* _ABOUT THIS TASK_: I'd like the entries repeated exactly, without their pictures.

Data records
== == ==

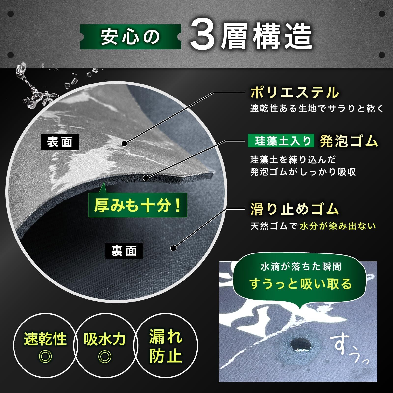 Kaiju Plant 怪獣ドライマット すぅっと吸水 珪藻土練り込みマット 室内園芸 スチールラックにピッタリ フリーカットOK (ブラック, 90サイズ)
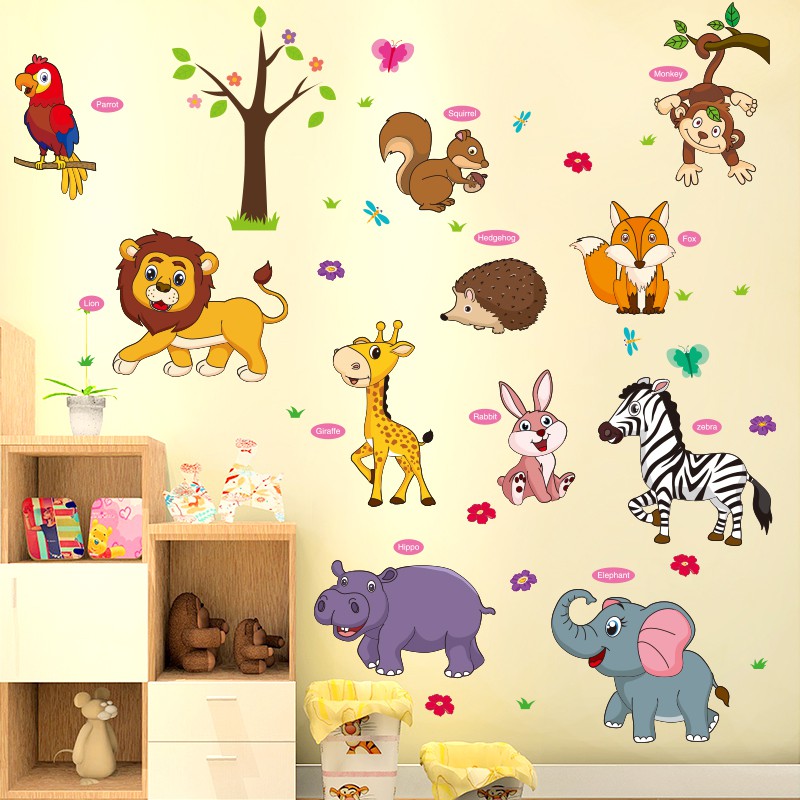 Stiker Dinding 60x90cm Motif Karakter Motif Animal Pohon Kebun Binatang Dekorasi Kamar anak | Shopee Indonesia
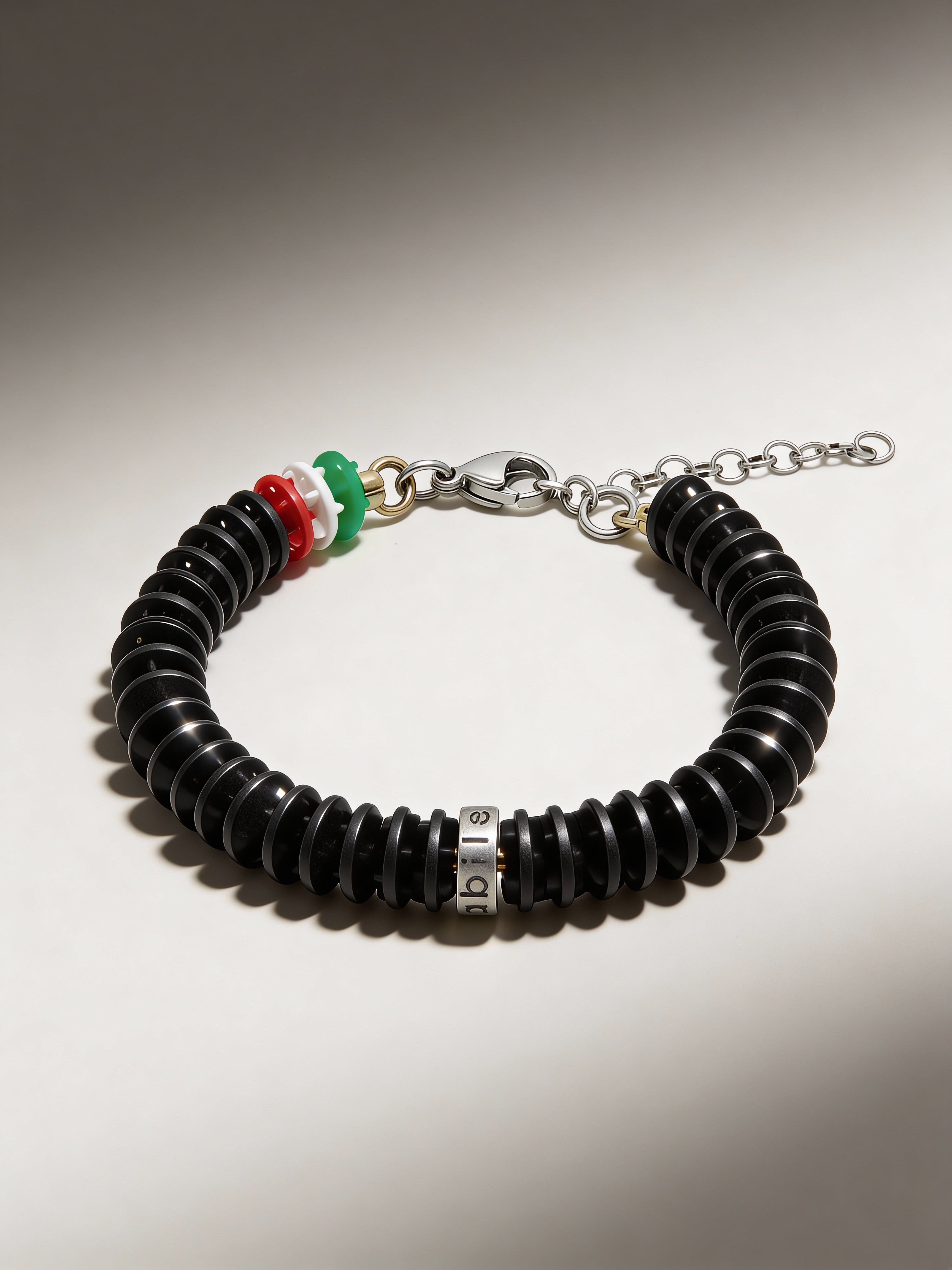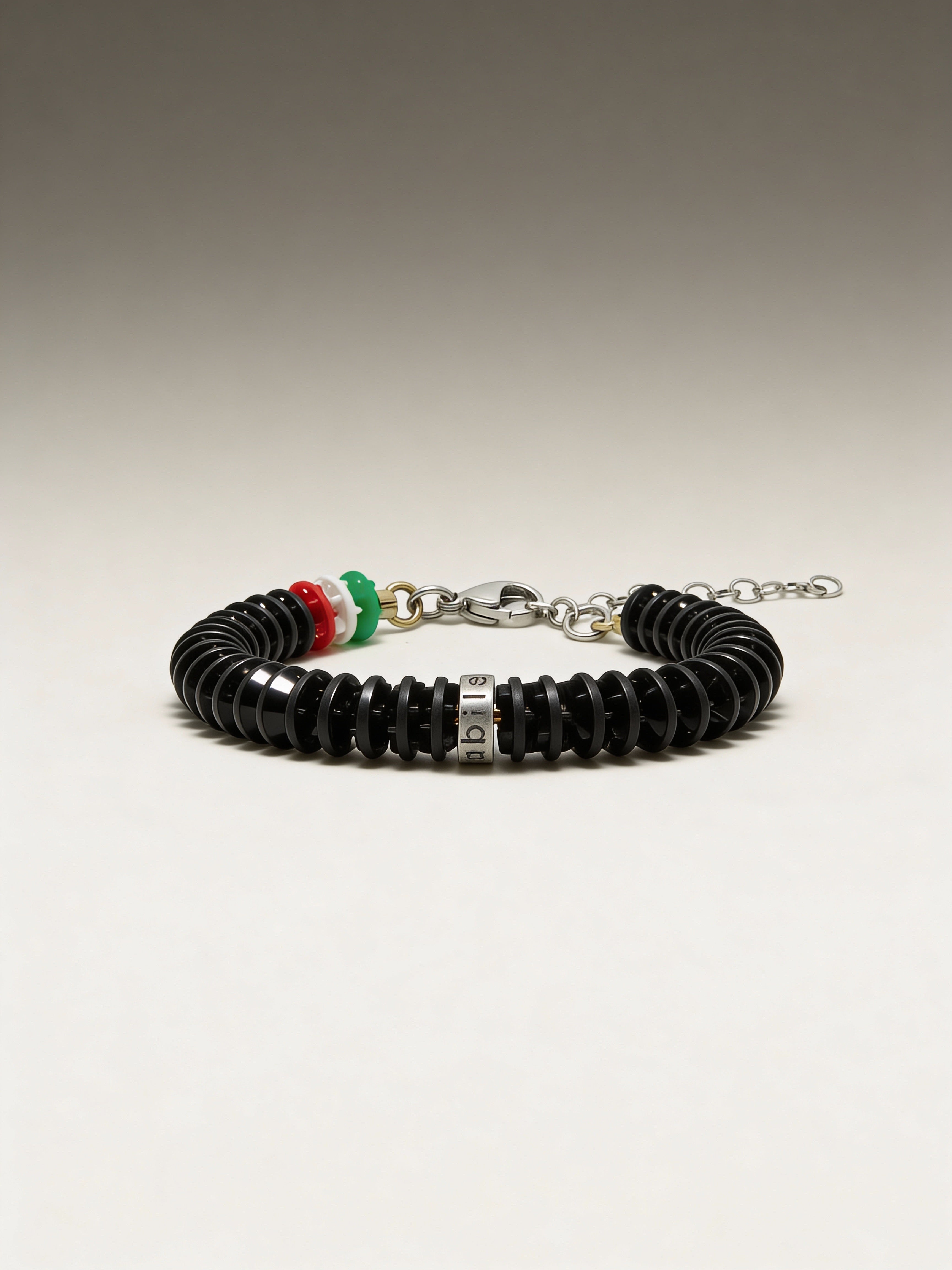 Armband Corsia Victory 613 BONESWIMMER: volledig zwart essentieel, met een bescheiden driekleurig merkteken vlakbij de sluiting voor een nauwkeurig contrast.
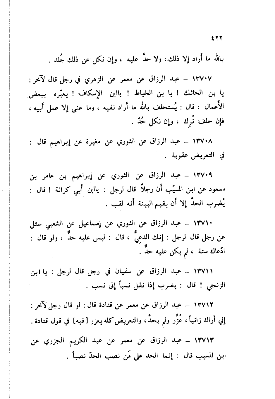13713 - عَنْ مَعْمَرٍ، عَنْ عَبْدِ الْكَرِيمِ الْجَزَرِيِّ، عَنِ ابْنِ الْمُسَيِّبِ قَالَ: «§إِنَّمَا الْحَدُّ عَلَى مَنْ نَصَبَ الْحَدَّ نَصْبًا»
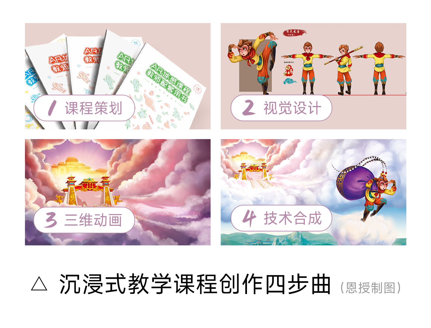 沉浸式教学课程这么重要,它们是怎样创作出来的呢?据了解,沉浸式教学课程的创作大致分成四个步骤:课程策划、视觉设计、三维动画、技术合成,下面简单介绍一下。
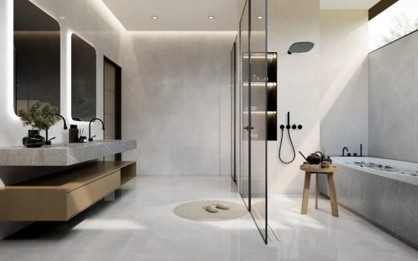 而在選磚方面,相較于穩(wěn)妥而傳統(tǒng)的400×800mm、450×900mm瓷磚,越來(lái)越多消費(fèi)者更鐘情于600×1200mm,無(wú)論上墻下地還是廚房、浴室等多場(chǎng)景,均可完美契合裝飾需求實(shí)為跨界應(yīng)用首選。
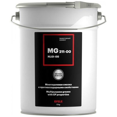 Литиевая смазка EFELE MG-211-00 - многоцелевая литиевая пластичная смазка (NLGI 00) с противозадирными присадками, предназначенная для работы при повышенных нагрузках в широком диапазоне температур. Применяется для узлов трения ходовой части автомобилей и подъемно-транспортных машин, подшипников шпинделей, подшипников электродвигателей и вентиляторов, подшипников механизмов общепромышленного оборудования, направляющих, шарико-винтовых передач металлообрабатывающих станков, узлов трения конвейерных систем, машин и установок в горнодобывающей, цементной и сталелитейной промышленности. Повышенная несущая способность (нагрузка сваривания 2400 Н)Обладает свойствами антиаварийной смазкиВысокая окислительная стабильностьУстойчивость к смыванию водойДлительный срок службыВысокие антикоррозионные свойстваХорошие противоизносные свойстваХорошая коллоидная стабильностьРаботает при температурах от -30 °C от +120 °C (кратковременно до +150 °С)
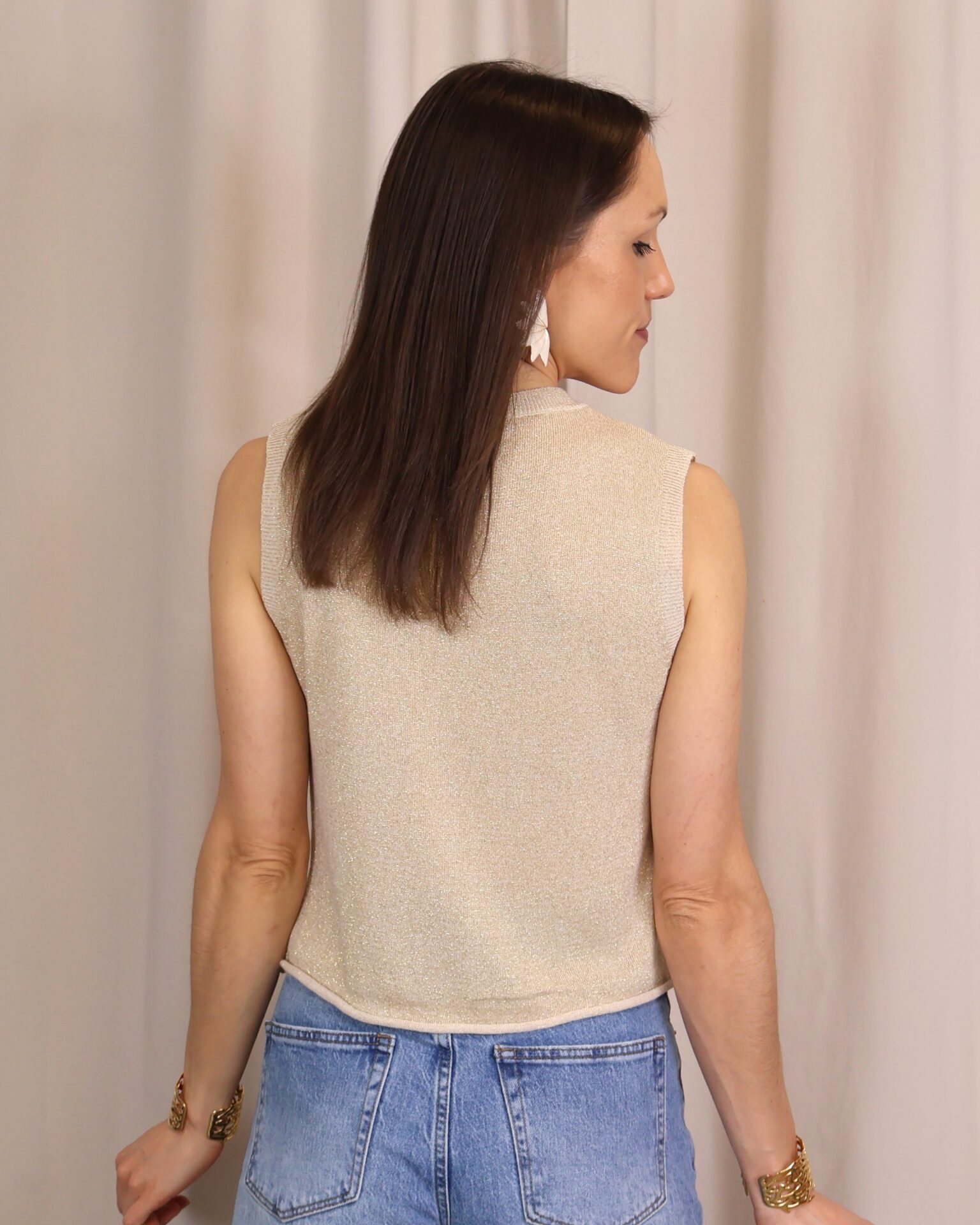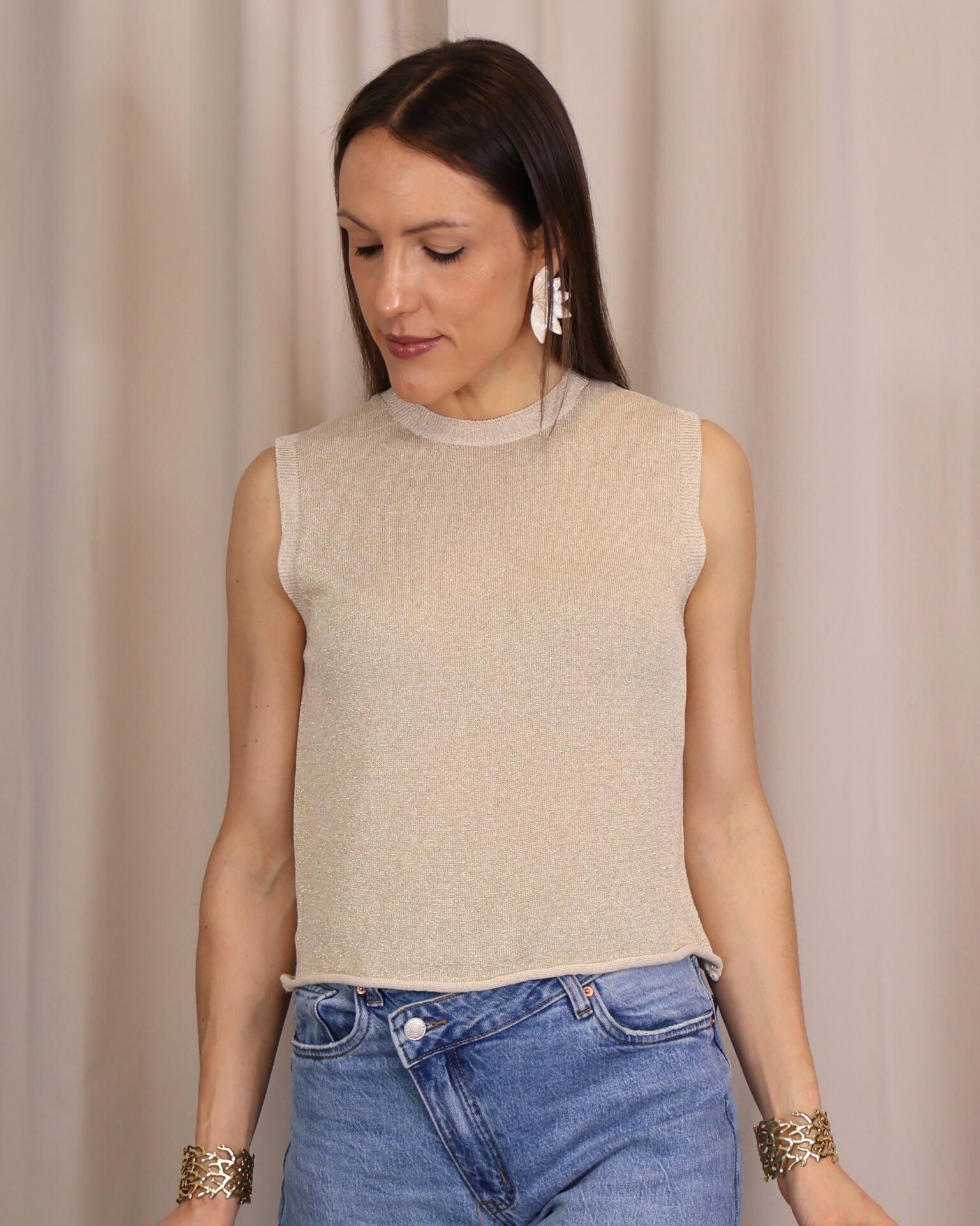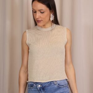 Top en color champagne de punto confeccionado en tejido lurex con delicado hilo metalizado que aporta un sutil brillo. Su diseño sin mangas y con cuello redondo lo convierte en una prenda versátil y cómoda, ideal para elevar cualquier look.

== == ==

* _REPLY_:
 Kaiju Plant 怪獣ドライマット すぅっと吸水 珪藻土練り込みマット 室内園芸 スチールラックにピッタリ フリーカットOK (ブラック, 90サイズ)
 Stiker Dinding 60x90cm Motif Karakter Motif Animal Pohon Kebun Binatang Dekorasi Kamar anak | Shopee Indonesia
 Armband Corsia Victory 613 BONESWIMMER: volledig zwart essentieel, met een bescheiden driekleurig merkteken vlakbij de sluiting voor een nauwkeurig contrast.
13713 - عَنْ مَعْمَرٍ، عَنْ عَبْدِ الْكَرِيمِ الْجَزَرِيِّ، عَنِ ابْنِ الْمُسَيِّبِ قَالَ: «§إِنَّمَا الْحَدُّ عَلَى مَنْ نَصَبَ الْحَدَّ نَصْبًا»
 沉浸式教学课程这么重要,它们是怎样创作出来的呢?据了解,沉浸式教学课程的创作大致分成四个步骤:课程策划、视觉设计、三维动画、技术合成,下面简单介绍一下。
 而在選磚方面,相較于穩(wěn)妥而傳統(tǒng)的400×800mm、450×900mm瓷磚,越來(lái)越多消費(fèi)者更鐘情于600×1200mm,無(wú)論上墻下地還是廚房、浴室等多場(chǎng)景,均可完美契合裝飾需求實(shí)為跨界應(yīng)用首選。
 Литиевая смазка EFELE MG-211-00 - многоцелевая литиевая пластичная смазка (NLGI 00) с противозадирными присадками, предназначенная для работы при повышенных нагрузках в широком диапазоне температур. Применяется для узлов трения ходовой части автомобилей и подъемно-транспортных машин, подшипников шпинделей, подшипников электродвигателей и вентиляторов, подшипников механизмов общепромышленного оборудования, направляющих, шарико-винтовых передач металлообрабатывающих станков, узлов трения конвейерных систем, машин и установок в горнодобывающей, цементной и сталелитейной промышленности. Повышенная несущая способность (нагрузка сваривания 2400 Н)Обладает свойствами антиаварийной смазкиВысокая окислительная стабильностьУстойчивость к смыванию водойДлительный срок службыВысокие антикоррозионные свойстваХорошие противоизносные свойстваХорошая коллоидная стабильностьРаботает при температурах от -30 °C от +120 °C (кратковременно до +150 °С)
 Top en color champagne de punto confeccionado en tejido lurex con delicado hilo metalizado que aporta un sutil brillo. Su diseño sin mangas y con cuello redondo lo convierte en una prenda versátil y cómoda, ideal para elevar cualquier look.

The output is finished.